Our earliest known records tell us that Free Methodists in the Washington metropolitan area
held a camp meeting in Falls Church, Virginia, in 1889, ten years after the first churches were founded in Washington and Virginia.
Christian family camping was a popular social activity, becoming for a time a national phenomenon, often drawing enormous crowds as
people came from far and near to be with friends and family, receive spiritual renewal, and escape the summer heat. Through the
years as crowds increased and situations changed, new locations had to be found. By the end of the 1920’s, the Washington Free
Methodist Church sought to establish a permanent campground, where they could have cottages instead of having to pitch tents.
New city fire regulations called for masonry structures. Finding this too costly, Free Methodists went to the countryside of
Maryland renting farmland and continuing to camp in tents for some years.

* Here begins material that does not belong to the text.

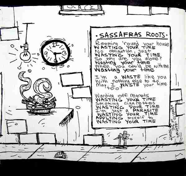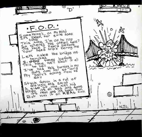 The graffiti reading “Twisted Dog Sisters” refers to these two girls from Berkeley. I think the guy saying “The fritter, fat boy” was a reference to a local cop. The back cover on early prints of the CD featured a plush toy of Ernie from Sesame Street, which was airbrushed out of later prints for fear of litigation; however, Canadian and European prints still feature Ernie on the back cover.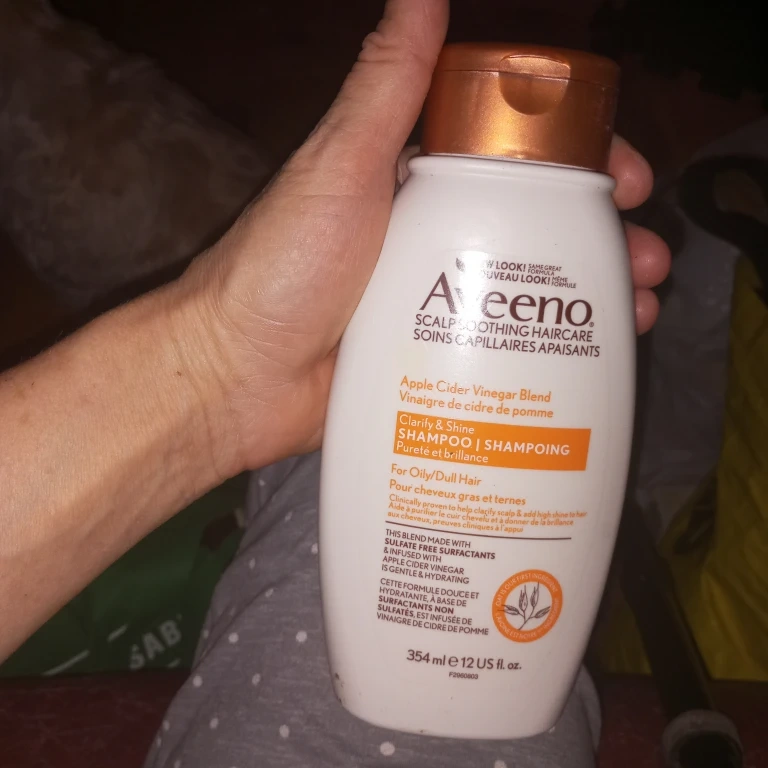 Aveeno Clarify & Shine Shampoo with Apple Cider Vinegar Blend. It's made with sulfate-free surfactants and is gentle and hydrating. This formula is clinically proven to help clarify scalp and add shine to hair. For oily or dull hair.

In 1931, they were able to purchase land in
Spencerville, and, as they say, the rest is history.
The year 2006 marked the Seventy-fifth anniversary of our being a Christian camping community at this location in Spencerville, Maryland.
Beginning as the Spencerville Free Methodist Campground, then later known as the Maryland-Virginia Conference
Headquarters, we are now widely known as "Peach Orchard Christian Retreat Center and Campground." Formerly
used only in the summer, we are now winterized and host visitors year-round.